The scientists found that rats with Alzheimer's-like cognitive impairment responded surprisingly well to the investigational drug.
They describe this medication as a "significant departure from current Alzheimer treatments", which are aimed at slowing down disease progression or inhibiting an enzyme (cholinesterase), which is thought to break down a vital neurotransmitter involved in memory and learning development.
Joe Harding, a professor in the College of Veterinary Medicine, Washington State University, said current medication for Alzheimer's have not been designed to restore brain function. In order to do this, connections between nerve cells need to be rebuilt.
"This is about recovering function. That's what makes these things totally unique. They're not designed necessarily to stop anything. They're designed to fix what's broken. As far as we can see, they work."
Although research and development has been focusing strongly on seeking effective treatments for Alzheimer's, there have only been three promising compounds that were approved over the last 13 years, out of 104 submissions, says PhRMA (Pharmaceutical Research and Manufacturers of America) - a ratio of 34 to 1.
In a communiqué, the PhRMA wrote:
"This 34 to one ratio of setbacks to successes underlines the difficulty of developing new medicines for Alzheimer's."
The authors stress that they are only at the initial stages of developing this potential Alzheimer's medication. They will first have to convince the FDA (Food and Drug Administration) about its safety. It is only after the FDA is satisfied about an experimental drug's safety that it will allow clinical trials to start. Clinical trials test drugs on human subjects. It is only with clinical trials that researchers can know whether a compound that works on laboratory animals has the same effect on humans.
Harding says that it may cost over $1 million just to find out whether the drug is safe. The team are seeking backers for the compound's development.
Joe Harding, along with Jay Wright, a neurology professor at the College of Arts and Sciences, WSU, say they have been working on this compound for twenty years, when they began studying what the impact of angiotensin IV, a peptide, was on the hippocampus. The hippocampus is a part of the brain that is involved in short-term memory and spatial learning.
Scientists have known that angiotensins help regulate blood pressure. However, Wright and Harding learnt that early drug candidates based on angiotensins could reverse learning deficits seen in many dementia models.
These drug candidates were rapidly broken down by the body and could not penetrate the blood-brain barrier, making them useless as medications for restoring cognitive function. The blood-brain barrier is a barrier of cells that stops molecules, including most drugs from getting into the brain. The only way these medications could get into the brain would be by direct brain application.
"We said, 'That's useless. I mean, who wants to drill holes in people's heads? It's not going to work. It's certainly not going to work for the big population.'"
In 2007, Harding designed Dihexa, a smaller version of the molecule. Dihexa has three promising features:
- It can cross the blood-brain barrier.
- It is stable.
- It can move from the digestive system into the blood, meaning it can be taken orally as a pill.

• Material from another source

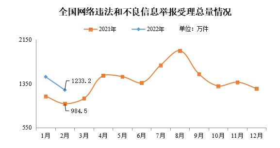 2022年2月,全國各級網(wǎng)絡(luò)舉報(bào)部門受理舉報(bào)1233.2萬件,環(huán)比下降16.3%、同比增長25.3%。其中,中央網(wǎng)信辦(國家互聯(lián)網(wǎng)信息辦公室)違法和不良信息舉報(bào)中心受理舉報(bào)31.7萬件,環(huán)比下降13.1%、同比增長68.2%;各地網(wǎng)信辦舉報(bào)部門受理舉報(bào)75.9萬件,環(huán)比下降22.6%、同比下降15.9%;全國主要網(wǎng)站受理舉報(bào)1125.5萬件,環(huán)比下降16.0%、同比增長28.6%。在全國主要網(wǎng)站受理的舉報(bào)中,主要商業(yè)網(wǎng)站受理量占63.9%,達(dá)718.7萬件。

The researchers found that all of the rats managed to learn the location of the platform after they were given the WSU drug. The drug was administered directly into the brain, by injection into the body, and orally - in all three cases their cognitive skills improved dramatically. Harding said it was the "Same result, every time".
They experimented on a small group of old rats and also observed improvements, albeit less dramatic ones. The old rats performed like the young rats after receiving the WSU drug.
The authors said their findings are statistically valid. However, they emphasized that further tests with more laboratory animals will be needed to confirm what they found.
The "gold standard" compound for creating connections between neurons is brain-derived neurotrophic factor (BDNF), a growth-promoting protein linked with learning and normal brain development. Alzheimer's patients have lower-than-normal BDNF levels in their brains, according to autopsy reports.
Harding, Wright and team found that Dihexa is seven orders of magnitude more powerful than BDNF after using living nerve cells to monitor new neuronal connections, i.e. it would take 10 million times as much BDNF to achieve Dihexa's new synapse formation volume.
Harding said "We quickly found out that this molecule was absolutely, insanely active." The researchers believe that Dihexa or Dihexa-like molecules may be beneficial for treating brain traumas or other neurodegenerative diseases where neuronal connections have been lost.